Browser-based user interface
Data provenance tracking
Extensive configuration (Extensive configuration)
Extensible design
Secure communication

NiFi . Architecture

Figure 1: NiFi Standlone

NiFi executes in a JVM on the host operating system. The main components of NiFi on the JVM are as follows:

Web server: The purpose of a web server is to host NiFi’s HTTP-based command and control APIs.
Flow controller: The flow controller is the brains of the operation. It provides threads for extensions to run on and manages the schedule when extensions get resources for execution.
Extensions: There are many types of NiFi extensions described in other documents. The key point here is that the extensions work and execute inside the JVM.
Flow file: The FlowFile repository is where NiFi keeps track of the status of what it knows about a given FlowFile that is currently active in the flow. Pluggable repository implementation. The default approach is a Persistent Pre-Write Log located on a specified disk partition.
Content Repository: A content repository is where the actual content bytes of a given FlowFile are stored. Pluggable repository implementation. The default approach is a fairly simple mechanism that stores blocks of data in the file system. More than one file system storage location can be specified to get different physical partitions joined to reduce contention on any drive.
Provenance Repository: The origin repository is where all the origin event data is stored. The storage structure is pluggable with the default implementation using one or more physical drives. Within each location event data is indexed and searchable.

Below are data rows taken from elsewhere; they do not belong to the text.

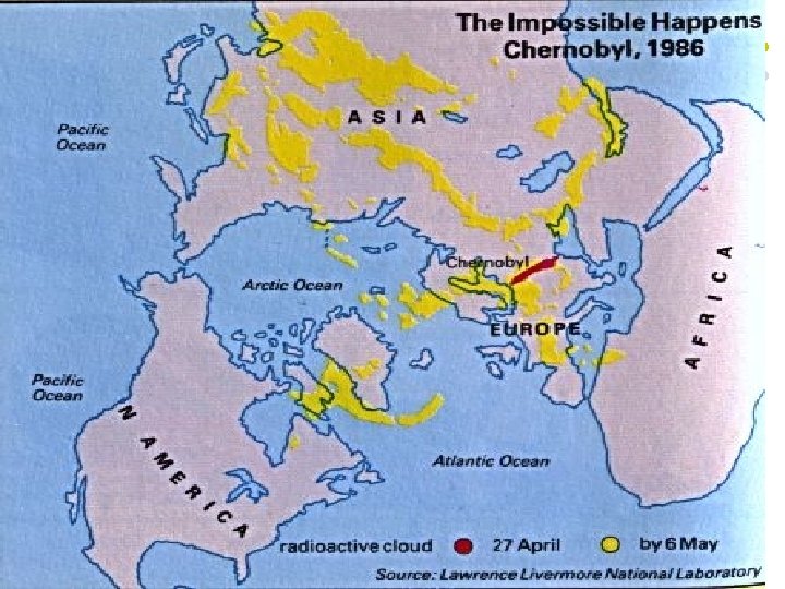 Effects of the Chernobyl Explosion: l l l The explosion caused radioactive material to be released into the air, poisoning the land. Cancer cases increased. (Over 1 million people were exposed to unsafe levels of radiation in Northern Europe. ) 28 emergency workers died. Nearby pine forests turned brown and died. Many animals died or suffered thyroid damage.
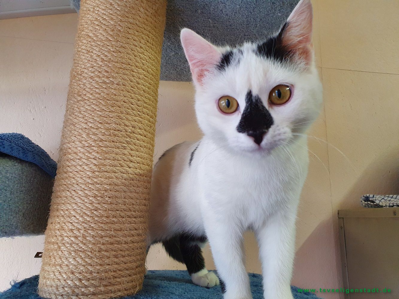Anfangs war er noch sehr ängstlich und hat viel gefaucht. Mittlerweile ist er weitaus zutraulicher geworden, er ist ein richtig lieber kleiner Kerl, sehr verschmust und natürlich recht verspielt.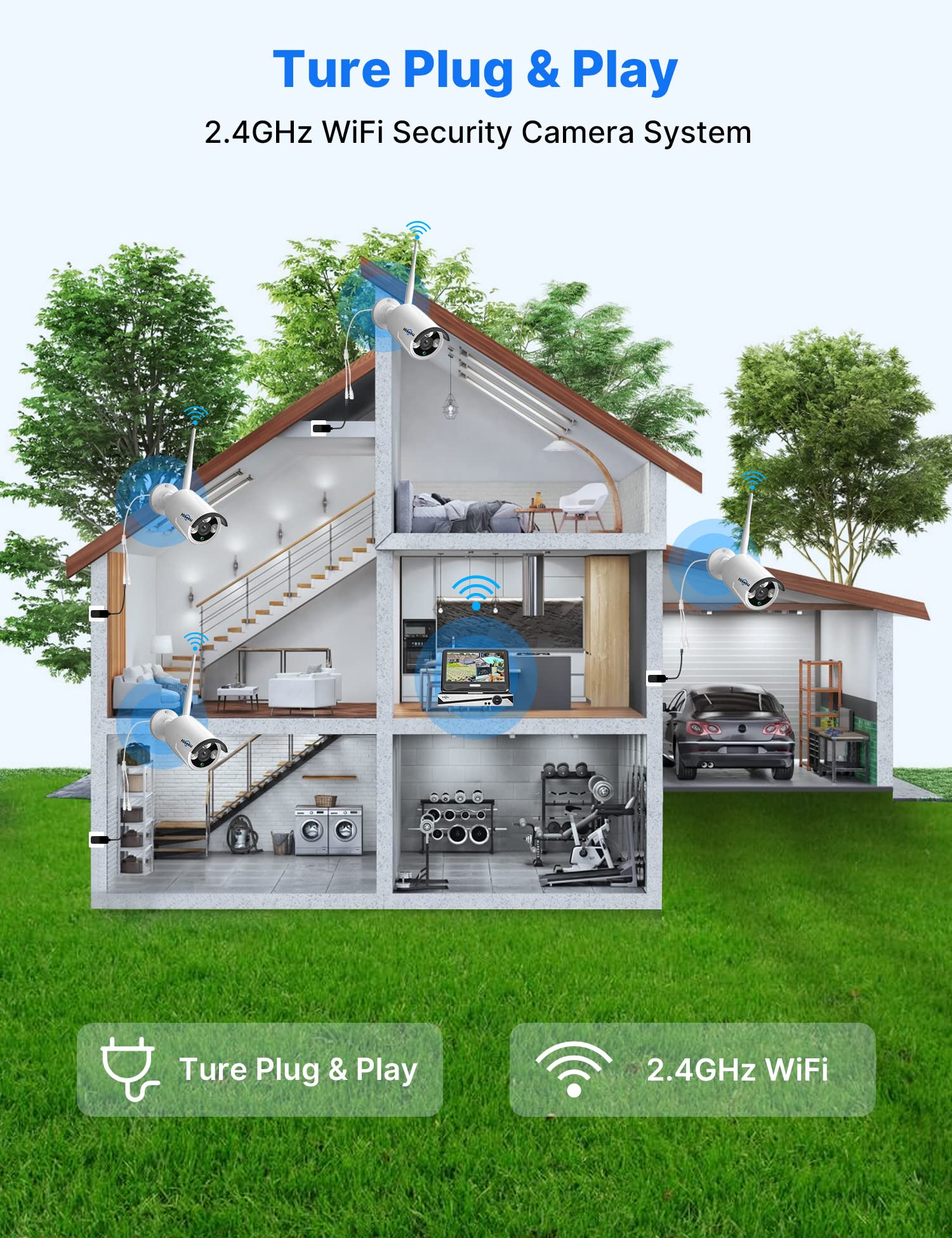 【All-in-One, Need Plug Power Supply】Wireless video security system wireless CCTV camera system features a 10" full HD 4K monitor (Not Touch Screen). It is easy to setup and DIY installation,supports 4K cameras. True plug and play. The wireless cameras and NVR monitor are auto-paired during the factory setting. You just plug all the power supply and connect TV monitor to NVR with a VGA/HDMI Cable. (NOTE: They all need to plug in the power adapter)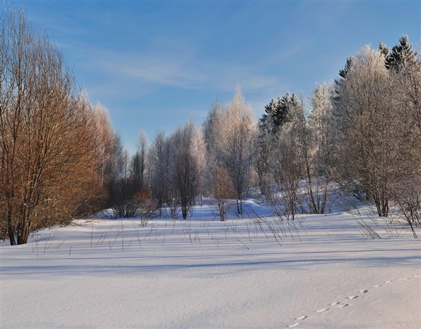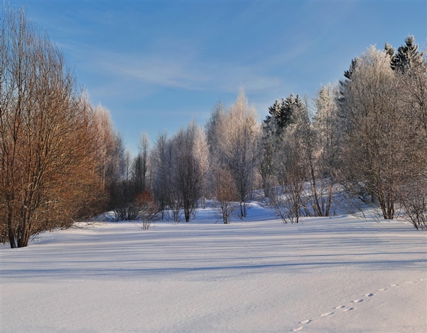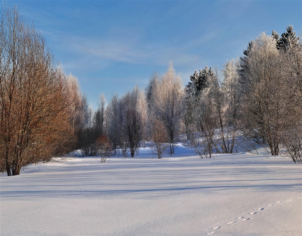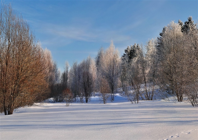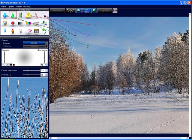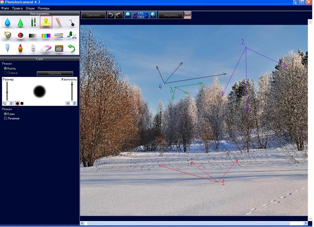 И так: Открываю программу PhotoInstrument 4.3 и загружаю свою фотографию (в первую очередь нужно определить задачи, что нужно подкорректировать на фотографии) В данном случае я вижу ,1-е. Красивые тени на снегу, но их линии перекрывают повсюду торчащие веточки, мешающие восприятию красивых теневых линий. 2-е. Очень монотонный пейзаж. 3-е. Не достаточная резкость на деревьях заднего плана. 4-е. Слабо выраженные облака и пересвеченные пятна на небе, свет на снегу второго плана. Вот этими задачами я и постараюсь заняться в дальнейшем.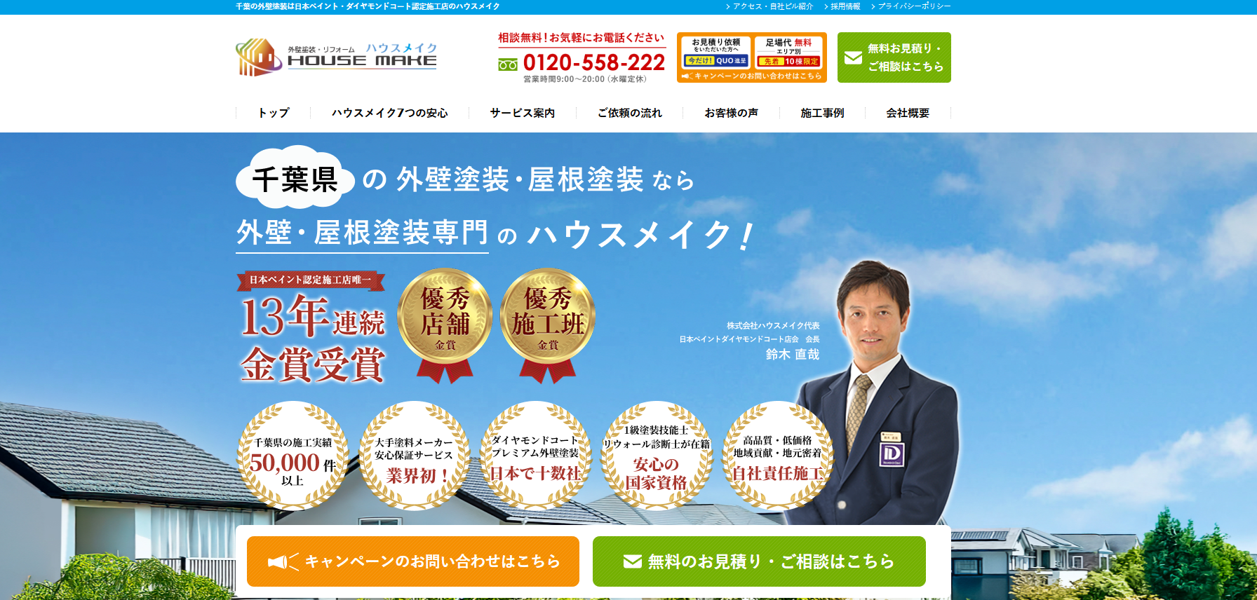 塗装業界に携わって30年。 元大手塗料メーカー特約店での勤務経験があり、施工に関しては大手ゼネコンの塗装工事管理経験を持っています。 「こうしたらもっとよくなるのに……」と感じても予算や立場的に指示通りの施工しかできない現実に次第に不満を持ち、また「もっとお客様の希望に応えたい」と強く思うようになりました。 この想いを実現するために一念発起し、ハウスメイクを立ち上げました。 また、日本ペイント・ダイヤモンドコート認定施工店において12年連続全国No.1(※2023年ダイヤモンドコート店会調べ)になった他、施工店会の会長を任せていただいております。 地域への貢献が出来るように、これからも精進して参ります。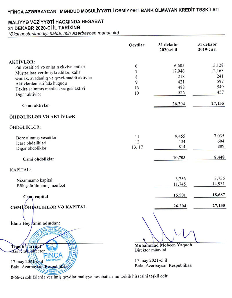 Hesabatdan məlum olur ki, “FİNCA Azərbaycan”ın cari fəaliyyətində tənəzzül mövcud deyil, xalis mənfəətin azalması ehtiyatdan azad olan vəsaitin azalması ilə əlaqədardır. Təşkilat əvvəlki dövrlərdə ehtimal olunan kredit zərərlərinin bərpası üçün ehtiyat yaratmışdır. Verilmiş kreditlər üzrə gözlənilən qədər zərər olmadığından 2019-cu ildə ehtiyatın bir hissəsi gəlirə əlavə edilmişdi. Bu səbəbdən “FİNCA Azərbaycan”ın xalis mənfəəti yüksək olmuşdu.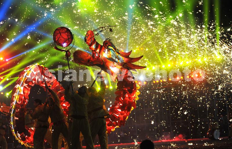 2023年2月4日,人们在贵州省台江县姊妹广场表演“舞龙嘘花”。
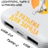 Комплектация: Внешний аккумулятор (пауэрбанк), Кабель с разъёмами Micro USB, Type-C, Lightning (под iPhone).

NiFi can also operate in a cluster:

Figure 2: NiFi Cluster

Operation model: Zero-Master Clustering.
Cluster Coordinator: is a node in a NiFi cluster responsible for maintaining information about the state of the cluster.
Primary node: is the node responsible for executing all data flows and managing the cluster stream register.
Each node in the NiFi cluster performs the same tasks on the data, but each node operates on a different set of data.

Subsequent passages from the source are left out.